Big data architecture: data collection-processing-analysis-tool introduction hadoop

Hadoop is an open source distributed computing platform under Apache, which can run on computer clusters and provide reliable and scalable distributed computing functions. At the heart of Hadoop are the distributed file system (HDFS) and the parallel programming framework MapReduce.

history

Hadoop is inseparable from three papers:

  • In 2003, Google released a paper on the distributed file system GFS, which can be used to solve the problem of massive data storage.
  • In 2004, Google published a paper on MapReduce, which can be used to solve massive data computing problems.
  • In 2006, Google released a paper on BigTable, which is a distributed storage system based on GFS as the underlying data storage.
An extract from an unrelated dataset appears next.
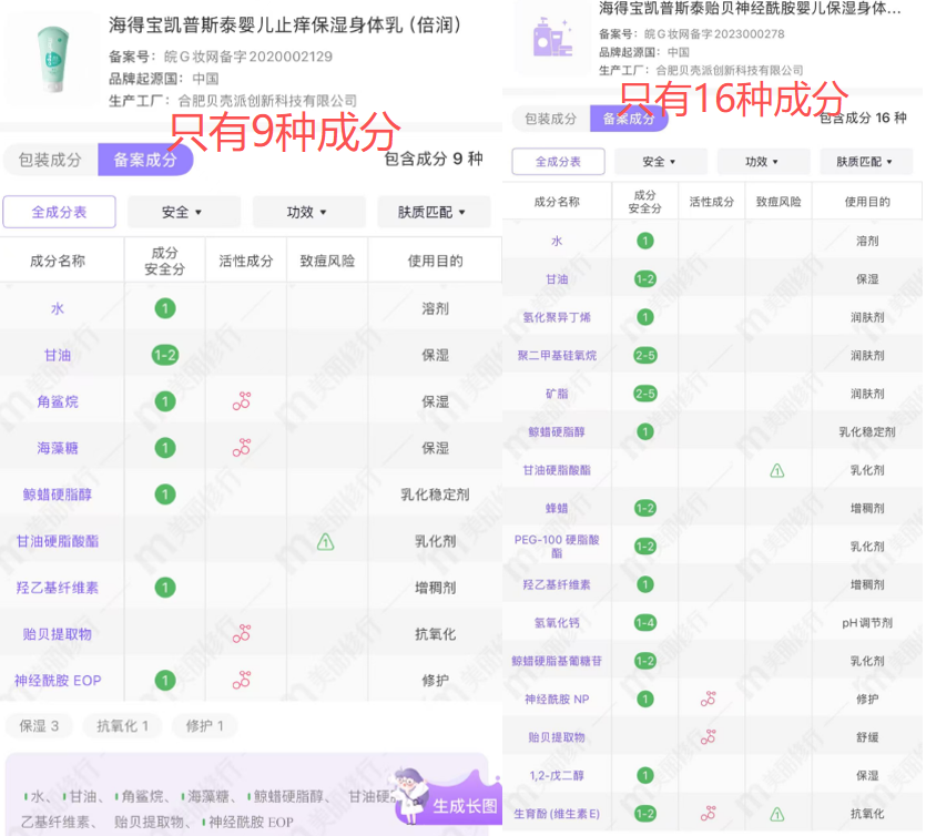倍润版,只有9种成分;清爽版,只有16种成分。

GFS, MapReduce, and BigTable are what we often call the "three carriages". The relationship between Hadoop and these three papers is as follows:

  • HDFS in Hadoop is an open source implementation of GFS;
  • MapReduce in Hadoop is an open source implementation of Google's MapReduce;
  • HBase in Hadoop is an open source implementation of Google's BigTable.

Hadoop Features

Hadoop features are:

  • Cross-platform: hadoop is developed based on java language, has good cross-platform, and can run on Linux platform;
  • High reliability: HDFS in Hadoop is a distributed file system, which can distribute and store massive data redundantly on different machine nodes. Even if a machine copy fails, other machine copies can still run normally;
  • High fault tolerance: HDFS distributes and stores files on many different machine nodes, and can automatically save multiple copies, so when a task on a node fails, it can also be automatically redistributed;
  • Efficiency: Hadoop's core components HDFS and MapReduce, one is responsible for distributed storage and the other is responsible for distributed processing, capable of processing PB-level data;
  • Low cost and high expansion: Hadoop can run on cheap computer clusters, so the cost is relatively low, and it can be extended to thousands of computer nodes to complete the storage and calculation of massive data.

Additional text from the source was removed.